In this task, you're required to implement a web crawler using a given startUrl and an interface HtmlParser. The purpose of the crawler is to fetch all URLs that share the same hostname as the startUrl. This entails:

  1. Initiating the crawl from the startUrl.
  2. Utilizing the HtmlParser.getUrls(url) method to retrieve a list of URLs from any given webpage represented by the URL.
  3. Ensuring each link is crawled only once to avoid redundancy.
  4. Restricting the crawl to links that share the same hostname as the startUrl.

The concept of "hostname" in this context is straightforward and mirrors what can be observed in typical URLs, where, for example, both http://news.example.com/articles and http://news.example.com/photos share the same hostname news.example.com. Only URLs that match the protocol (assumed to be HTTP for all links) and the hostname of the startUrl will be considered for crawling.

The HtmlParser interface provides the crucial method getUrls, which when given a URL returns all linked URLs from that specific webpage. Note that even URLs distinguished only by a trailing slash (e.g., http://site.org vs. http://site.org/) are treated as different entities.

Examples

Example 1

Input:

urls = [
  "http://news.example.com",
  "http://news.example.com/news",
  "http://news.example.com/news/topics/",
  "http://news.google.com",
  "http://news.example.com/us"
]
edges = [[2,0],[2,1],[3,2],[3,1],[0,4]]
startUrl = "http://news.example.com/news/topics/"

Output:

[
  "http://news.example.com",
  "http://news.example.com/news",
  "http://news.example.com/news/topics/",
  "http://news.example.com/us"
]

Example 2

Input:

urls = [
  "http://news.example.com",
  "http://news.example.com/news",
  "http://news.example.com/news/topics/",
  "http://news.google.com"
]
edges = [[0,2],[2,1],[3,2],[3,1],[3,0]]
startUrl = "http://news.google.com"

Output:

["http://news.google.com"]

Explanation:

The startUrl links to pages with different hostnames, which are ignored.

Constraints

  • 1 <= urls.length <= 1000
  • 1 <= urls[i].length <= 300
  • startUrl is one of the urls.
  • Hostname label must be from 1 to 63 characters long, including the dots, may contain only the ASCII letters from 'a' to 'z', digits from '0' to '9' and the hyphen-minus character ('-').
  • The hostname may not start or end with the hyphen-minus character ('-').
  • You may assume there are no duplicates in the url library.
  • See: https://en.wikipedia.org/wiki/Hostname#Restrictions_on_valid_hostnames

Approach and Intuition

The problem can be approached by understanding the structure and connectivity of web pages through their URLs. Essentially, this is a graph traversal problem where each URL represents a node, and links between them are directed edges:

  1. Host Extraction: Extract the hostname from the startUrl to use as a comparison reference for all other URLs.
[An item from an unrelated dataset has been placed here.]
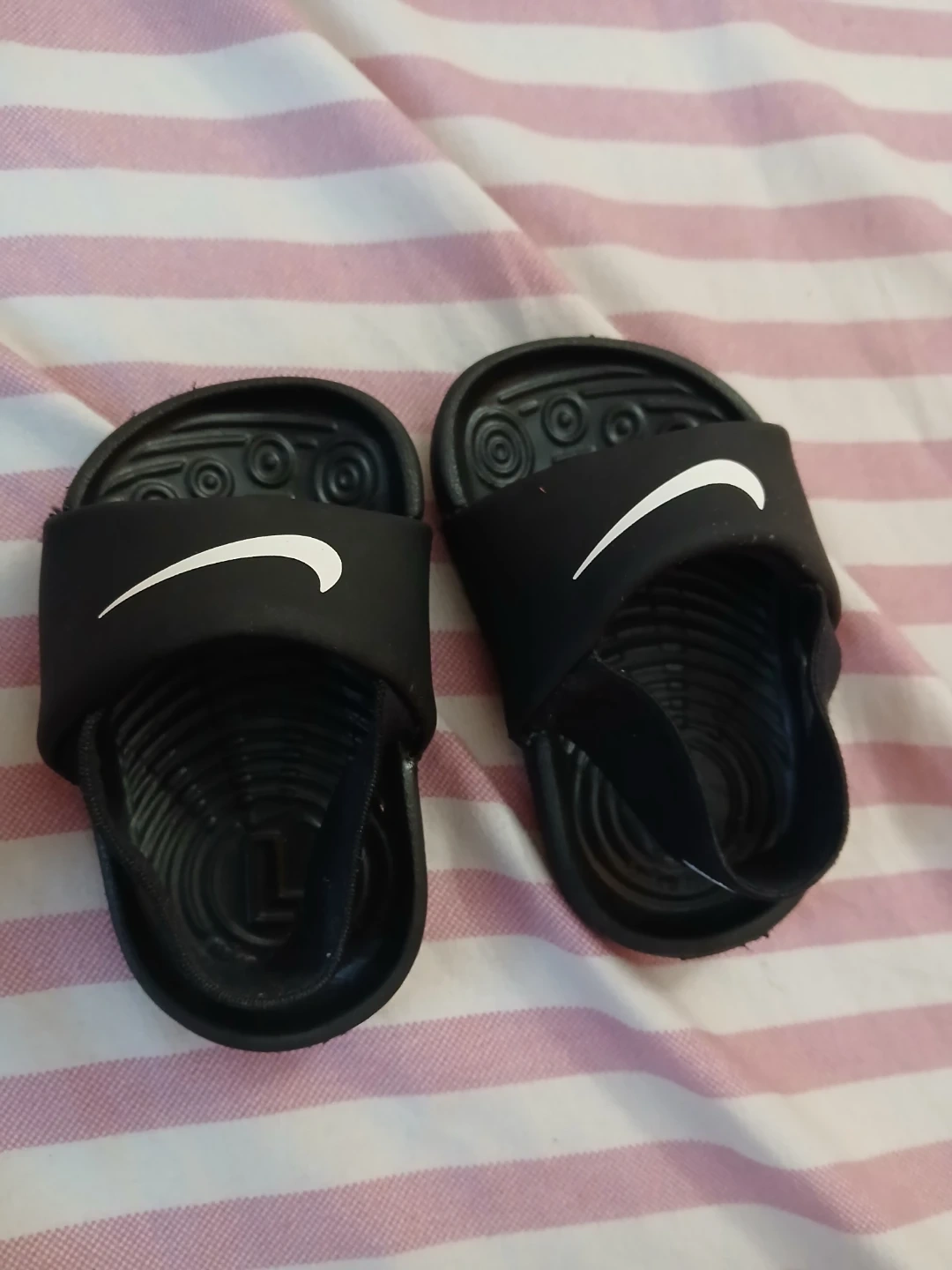 These are infant Nike slides. They're black with a white Nike swoosh. Comes with a heel strap for a secure fit.
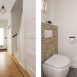 De vaste trap brengt je op de eerste verdieping met overloop. Aan de achterzijde liggen twee royale slaapkamers met vrij uitzicht. Aan de voorzijde bevinden zich een derde (slaap)kamer en de moderne badkamer met inloopdouche, tweede toilet en wastafelmeubel. De 1e verdieping is voorzien van een laminaatvloer.

  2. Traversal Strategy: Use either Breadth-First Search (BFS) or Depth-First Search (DFS) to crawl connected URLs:

    • Skip any URL whose hostname does not match the startUrl’s hostname.
    • Skip any URL already visited to avoid cycles or redundant requests.
  3. Visited Set: Use a Set to store visited URLs to ensure no duplicate visits.

  4. Fetching Links: Use the HtmlParser.getUrls(url) function to fetch child links from the current URL.

Example Walkthrough

Starting from:

"http://news.example.com/news/topics/"

We retrieve:

→ "http://news.example.com"
→ "http://news.example.com/news"

Further traversal leads to:

→ "http://news.example.com/us"

At no point do we include:

"http://news.google.com"

Because the hostname is different.

Solutions

  • C++
cpp
class Solution {
public:
    vector<string> extractUrls(string initialUrl, HtmlParser parser) {
        function<string(string)> extractHost = [](string url) -> string {
            int cutPoint = min(url.size(), url.find('/', 7));
            return url.substr(7, cutPoint - 7);
        };
    
        queue<string> urlsToVisit;
        urlsToVisit.push(initialUrl);
        unordered_set<string> visitedUrls{initialUrl};
        string rootHost = extractHost(initialUrl);
        while (!urlsToVisit.empty()) {
            string currentUrl = urlsToVisit.front();
            urlsToVisit.pop();
            for (string newUrl : parser.getUrls(currentUrl)) {
                if (extractHost(newUrl) == rootHost && !visitedUrls.count(newUrl)) {
                    urlsToVisit.push(newUrl);
                    visitedUrls.insert(newUrl);
                }
            }
        }
        return vector<string>(visitedUrls.begin(), visitedUrls.end());
    }
};

The given C++ code defines a web crawling functionality designed to fetch URLs from a given initial URL. It leverages a breadth-first search technique to explore and collect URLs that belong to the same web host as the initial URL. Here's how the code works:

  1. Define an inner lambda function to extract the hostname from a URL. This function finds the first occurrence of '/' after the HTTP/HTTPS protocol indication part and extracts the portion between 'http://' or 'https://' and this '/'. It operates only on strings that begin with the protocol.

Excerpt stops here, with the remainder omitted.